Denizli ve Emirdağ Lahikaları I -II | Denizli Lâhikası Mektup 44 - 45 - 46 | 29
(29-29)
(44)

Aziz, Sıddık Kardeşlerim!

“Meyve Risâlesi” çok ehemmiyetli ve çok kıymetlidir. Ümid ederim, bir zaman büyük fütuhat yapacak. Sizler tam kıymetini anlamışsınız ki, bu dershâneyi derssiz bırakmadınız. Ben, kendi hesabıma derim: Bu kadar zahmet ve masrafımızın meyvesi; yalnız bu risâle ve “Müdâfaa Risâlesi” ve sizler ile berâber bir yerde bulunmak dahi olsa, o masraf, o zahmeti hiçe indirir ve bu musîbetin on mislini de çeksem yine ucuz düşer.

* * *

(45)

Aziz, Sıddık Kardeşlerim!

Çok tecrübelerle ve bilhassa bu sıkı ve sıkıntılı hapisde kat’i kanâatım gelmiş ki: Risâle-i Nur ile kırâeten ve kitâbeten iştigal, sıkıntıyı çok hafifleştirir, ferah verir.
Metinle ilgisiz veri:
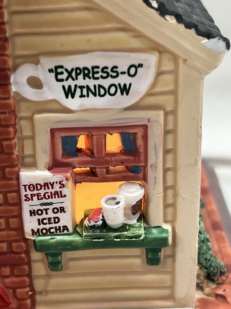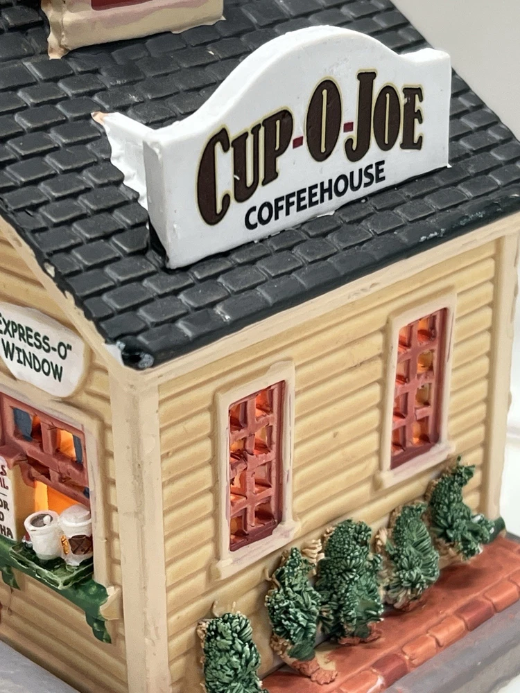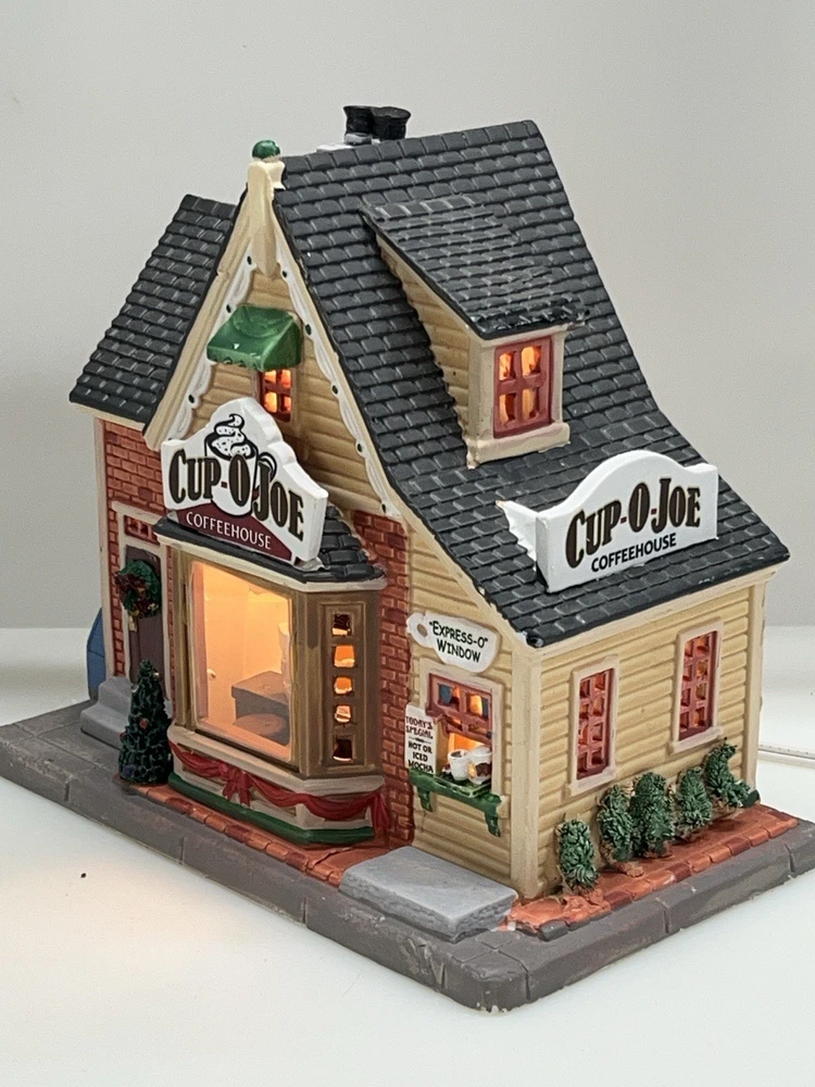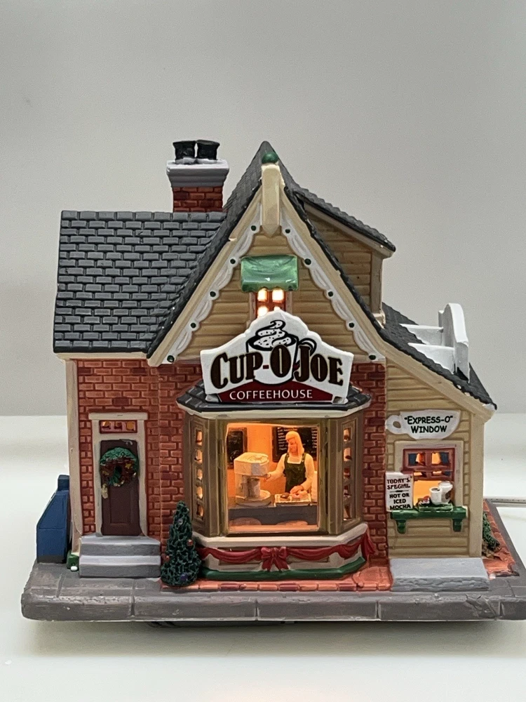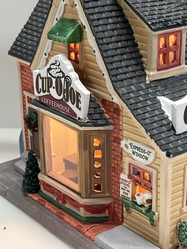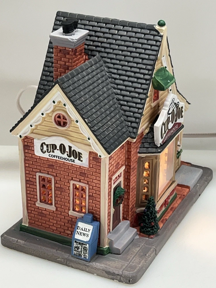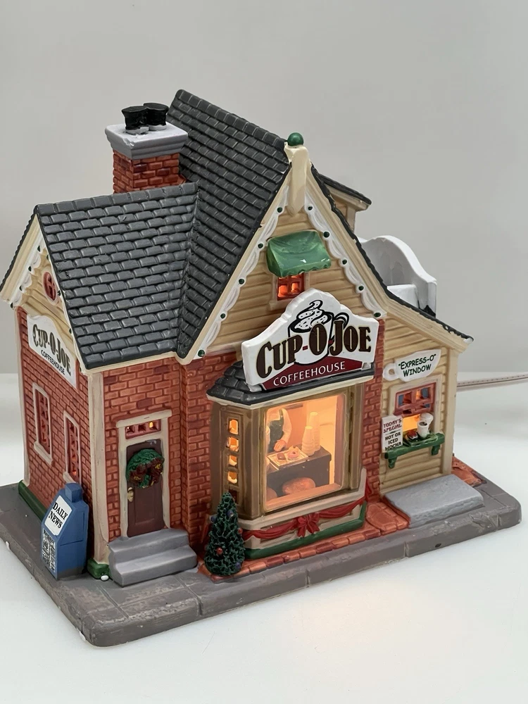 Add a cozy and vibrant touch to your Christmas decor with the Lemax Cup O Joe Porcelain Lighted Coffee House. This charming piece from the 2013 Seasons Collection paints a quaint picture of a beloved coffeehouse, complete with intricate hand-painted details and a warm, inviting glow. The asymmetrical structure, standing at 7 inches in height and measuring 8 inches in length with a width of 4.75 inches, is meticulously crafted from porcelain, showcasing a delightful multicolored finish that captures the essence of festive spirit. Designed to be a standout addition to any room, the Coffee House is fully functional with a lighted feature that creates a captivating ambiance. It comes in its original packaging, ensuring it's a retired collectible that's ready to display. With no additional parts required, this traditional-style piece makes a delightful gift or a cherished collectible for those who appreciate the whimsical charm of seasonal villages. Perfect pristine condition! Looks like new ! Includes all clean original packaging including cord & light .
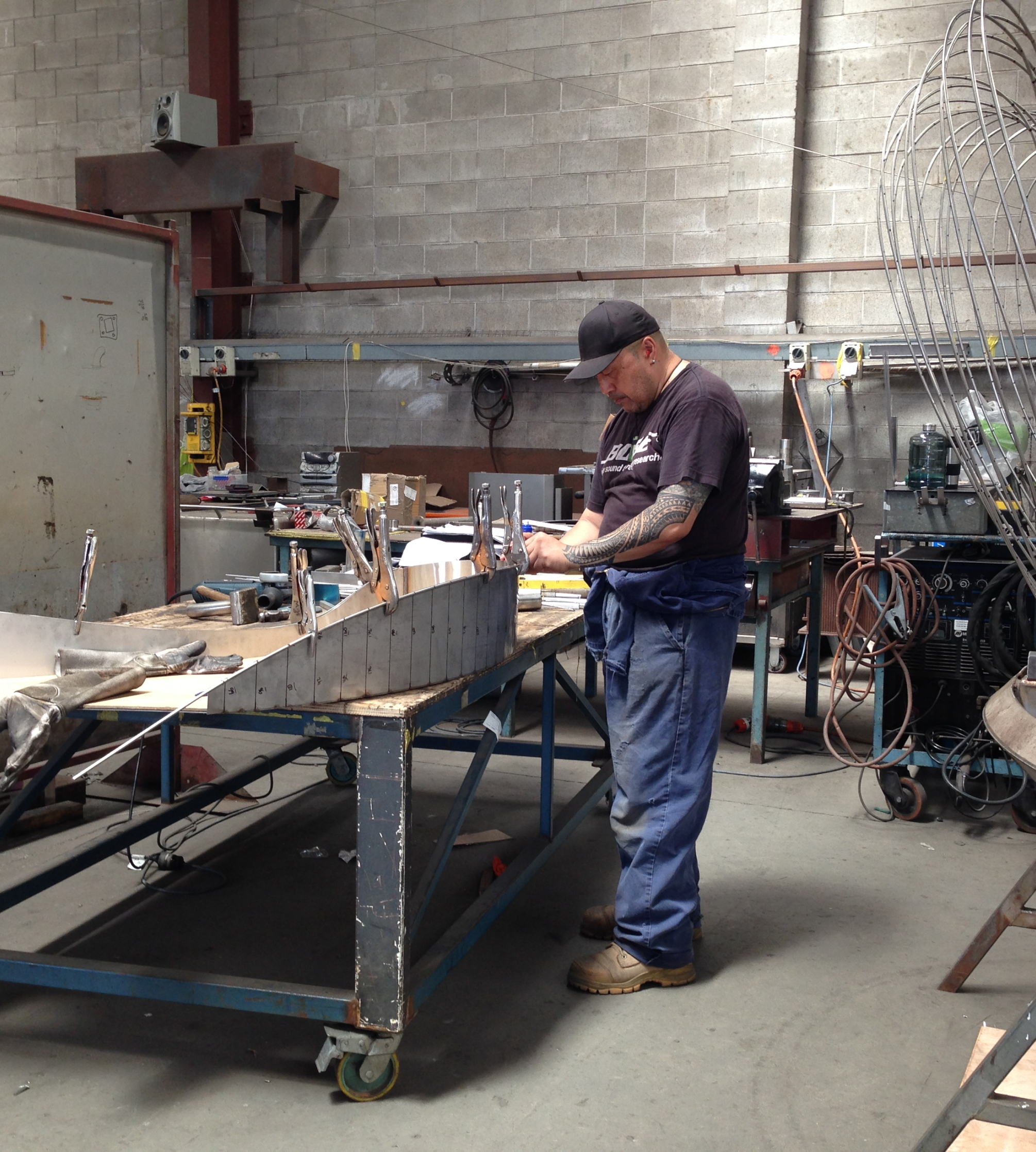 A particularly challenging aspect was the production of the double hemisphere created by combining hundreds of stainless-steel wire strands.  Each strand was hand-formed on a jig to produce identical profiles, then assembled with half the wire strands running clockwise, and half anticlockwise. In this way they formed 22,000 intersections with only 10% needing to be welded to create structural integrity.
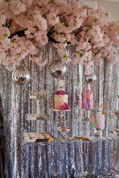 Like foil, sequin is the best friend of disco. To recreate that groovy vibe, you can use it everywhere, from your attire to the tabletop. For example, to make your desserts even more alluring, feel free to create this setup. To begin with, you’ll match our silver sequin curtain with a glass table. Once the curtain is installed, attach our silk cherry blossom bushes to the upper part of the backdrop. To make your desserts more prominent, you can place them on our gold and silver beaded cake stands. In the end, top everything off with a few mirror balls.
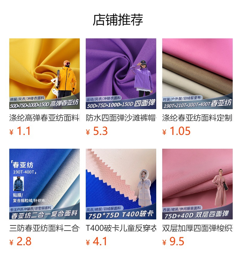 | 190t polyester taffeta(190T涤塔夫) | USD $0.18 | 77218 m available |
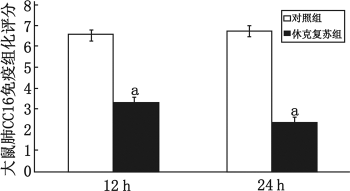休克复苏组与对照组比较,aP < 0.05 图 3 各组大鼠肺脏克拉拉细胞蛋白(CC16)免疫组织化学评分 Figure 3 Immunohistochemical score for CC16 in each group
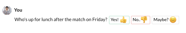 Request POST https://cliq.zoho.com/api/v2/chats/{chat_id}/message Payload { "text": "Who's up for lunch after the match on Friday? [Yes]($1) [No]($2) [Maybe]($3)", "references": { "1": { "type": "button", "object": { "label": "Yes", "action": { "type": "invoke.function", "data": { "name": "teammatch" } }, "type": "+" } }, "2": { "type": "button", "object": { "label": "No", "action": { "type": "invoke.function", "data": { "name": "teammatch" } }, "type": "+" } }, "3": { "type": "button", "object": { "label": "Maybe", "action": { "type": "invoke.function", "data": { "name": "teammatch" } } } } } }Params
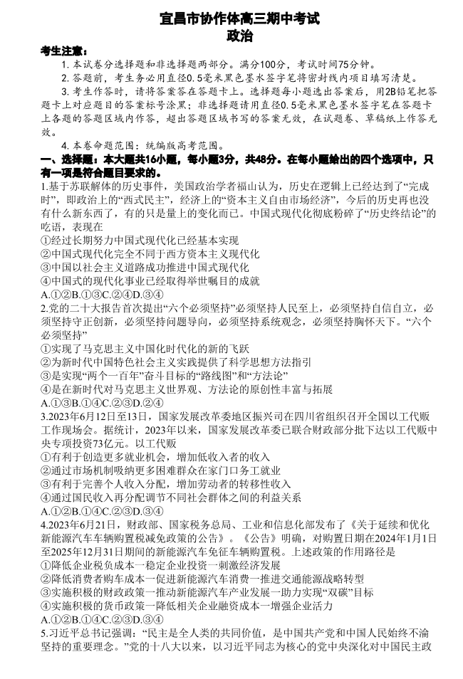 湖北省宜昌市协作体2023-2024学年高三上学期期中考试 政治
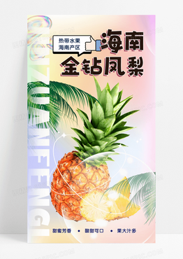 餐饮美食彩色炫彩简约金钻凤梨水果手机宣传海报
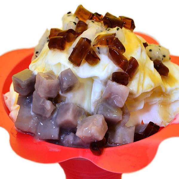 宝岛菠萝团菠萝冰,冰如其名看起来就像是一个波罗麵包一般,在冰上头更放了一个小小的宝岛饼乾装饰,相当讨喜可爱!挖开波罗造型的冰,丰富的配料就藏在里头,有粉圆、芋园、珍珠、奶酪等等,每一口都让人惊喜!
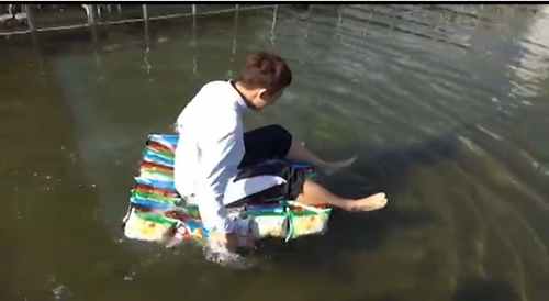 장씨는 “처음에 과자 봉지가 물에 뜨나 안 뜨나 긴가민가 했다. 과자들을 테이프를 이용해서 붙이 다음에 1인용으로 한 번 타봤는데, 진짜 떠서 잘 가더라. 생각보다 되게 튼튼하다”고 전했다.

Meşgul olmadığım zaman o musîbet tezâuf edip lüzumsuz şeylerle beni müteessir eder. Ba’zı esbaba binâen, ben en ziyâde Husrev’i ve Hâfız Ali (R.H.), Tahirî’yi sıkıntıda tahmin ettiğim halde, en ziyâde temkin ve teslim ve rahat-ı kalb, onlarda ve beraberlerinde bulunanlarda görüyordum. “Acaba neden?” der idim. Şimdi anladım ki; onlar, hakîki vazifelerini yapıyorlar; mâlâyâni şeylerle iştigal etmediklerinden ve kazâ ve kaderin vazifelerine karışmadıklarından ve enâniyet-ten gelen hodfuruşluk ve tenkid ve telâş etmediklerinden, temkinleriyle ve metanet ve itmi’nân-ı kalbleriyle Risâle-i Nur Şâkirdlerinin yüzlerini ak ettiler, zındıkaya karşı Risâle-i Nur’un ma’nevî kuvvetini gösterdiler. Cenâb-ı Hak, onlardaki nihayet tevâzu ve mahviyette tam izzet ve kahramanlık seciyesini umum kardeşlerimize teşmil ettirsen, âmin!

* * *

(46)

Kardeşlerim!

Gaflet ve dünya-perestlikten çıkan dehşetli bir enâniyet, bu zamanda hükmediyor. Onun için ehl-i hakîkat, -hattâ meşrû bir tarzda dahi olsa- enâniyetten, hodfüruşluktan vazgeçmeleri lâzım olduğundan, Risâle-i Nur’un hakîki şâkirdleri, buz parçası olan enâniyetlerini şahs-ı ma’nevîde ve havz-ı müşterekte erittiklerinden, inşâallah bu fırtınada sarsılmayacaklar. Evet, münâfıkların ehemmiyetli ve tecrübeli bir plânı, böyle herbiri birer zâbit, birer hâkim hükmündeki eşhası, müşterek bir mes’elede böyle kaçınmak ve birbirini tenkid etmek asabiyetini veren sıkıntılı yerlerde toplattırır, boğuşturur, ma’nevî kuvvetlerini dağıttırır.